Newsletters

December 2020 Friends Newsletter- updated

From Headteacher Mark Grady

So, here we are a week from the end of the most challenging year I think many of us in education have ever known.  We have made it, we’re still going, and what has been at the heart of this fantastic achievement has been that Rugby High School ethos of kindness, care and respect.  Since March, we have looked after each other via a host of online sessions, we’ve chatted over the phone, made videos and audio recordings, we’ve tried to stay in touch with weekly newsletters, and a daily greeting throughout the first full lockdown for staff and for students. 

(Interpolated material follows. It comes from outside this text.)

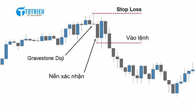 Thay vì nhảy vào thị trường ngay lập tức, khi Gravestone doji xuất hiện lần đầu tiên, bạn sẽ chờ đợi một tín hiệu nến xác nhận. Để khẳng định xu hướng giảm sẽ diễn ra.

​​​​​​​​​​​​​​Education is about making connections, about the cut and thrust of debate and chat in the classroom, and to have that removed, and then only partially re-instated has meant that we’ve had to change and change quickly.  Staff, overnight, got to grips with a variety of online platforms in order to continue to support student education.  The pastoral team had to adapt where and how they continued to support the wellbeing of students, and as departments and teams, we had to work out how best to stay connected, and informed. 

Not only did we have to ensure the safeguarding and education of our community, but we had to contend with the challenges of submitting centre assessed grades for exams, we had to support our outgoing year 11 and 13 students who lost out on those all-important rites of passage: leaving assemblies and Prom.  We had to support the school and students through the ins and outs of DFE decisions about OFQUAL algorithms and make sure they got off to university, or onwards to A-Levels of their choice.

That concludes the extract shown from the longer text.